### Brief
Given these entries, repeat exactly the lines starting with the one that has "Hillary Clinton había" and going on through the one that has "オケーショナルテーブル(M5002-178) W56xD49xH67cm 127,440円", both included, but none of the pictures.

### Data in this exercise
* * *
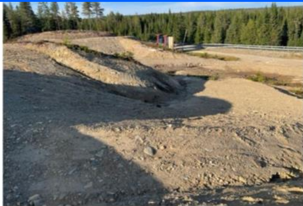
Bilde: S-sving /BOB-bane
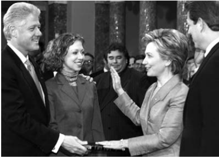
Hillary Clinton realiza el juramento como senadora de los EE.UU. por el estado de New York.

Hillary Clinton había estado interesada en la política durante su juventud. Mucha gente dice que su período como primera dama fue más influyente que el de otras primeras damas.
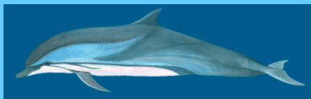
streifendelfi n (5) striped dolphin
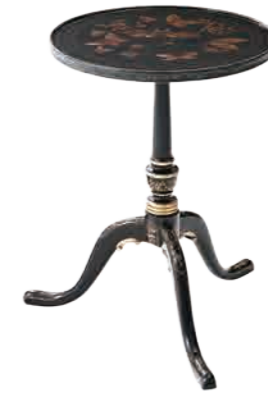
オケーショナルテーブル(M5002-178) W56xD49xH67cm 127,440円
* * *
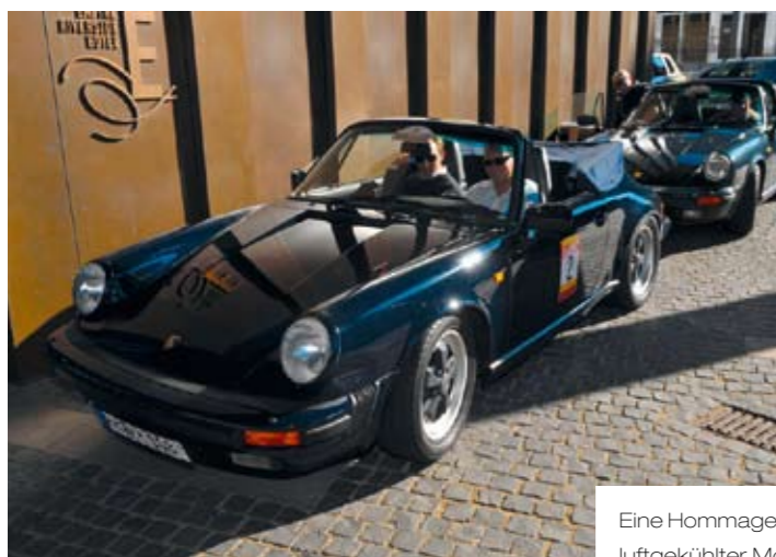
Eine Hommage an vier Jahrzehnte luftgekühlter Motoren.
* * *
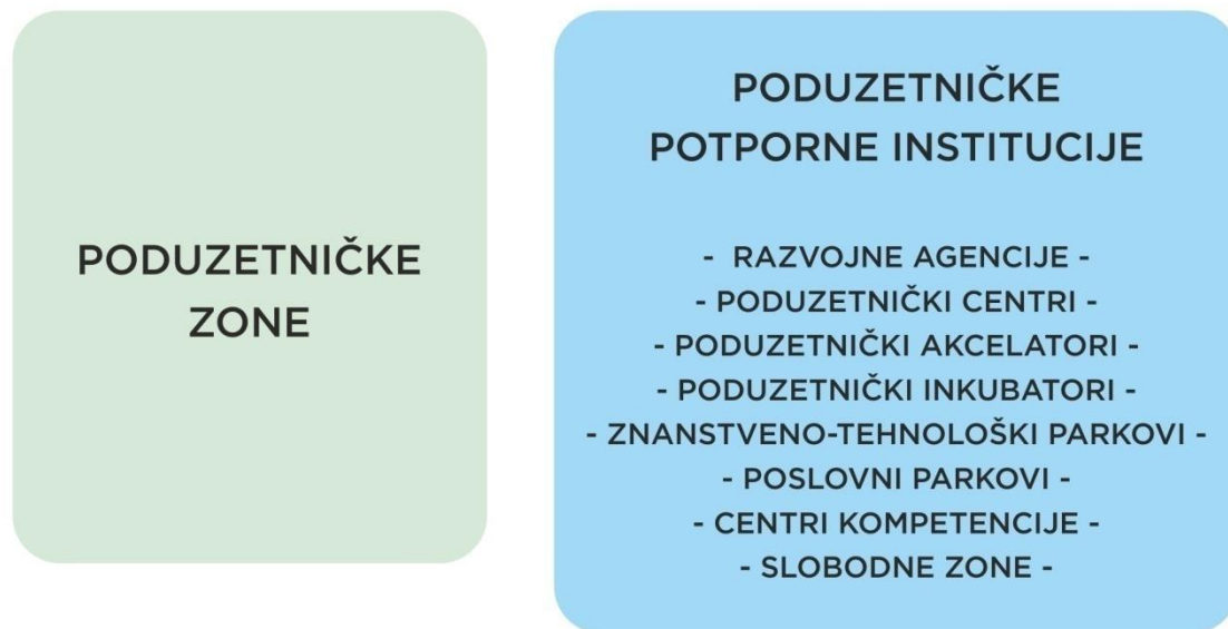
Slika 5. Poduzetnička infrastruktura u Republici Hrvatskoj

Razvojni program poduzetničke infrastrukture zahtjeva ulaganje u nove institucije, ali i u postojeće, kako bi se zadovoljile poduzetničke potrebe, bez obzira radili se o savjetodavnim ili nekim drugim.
* * *
### Answer to this problem
Hillary Clinton había estado interesada en la política durante su juventud. Mucha gente dice que su período como primera dama fue más influyente que el de otras primeras damas.
streifendelfi n (5) striped dolphin
オケーショナルテーブル(M5002-178) W56xD49xH67cm 127,440円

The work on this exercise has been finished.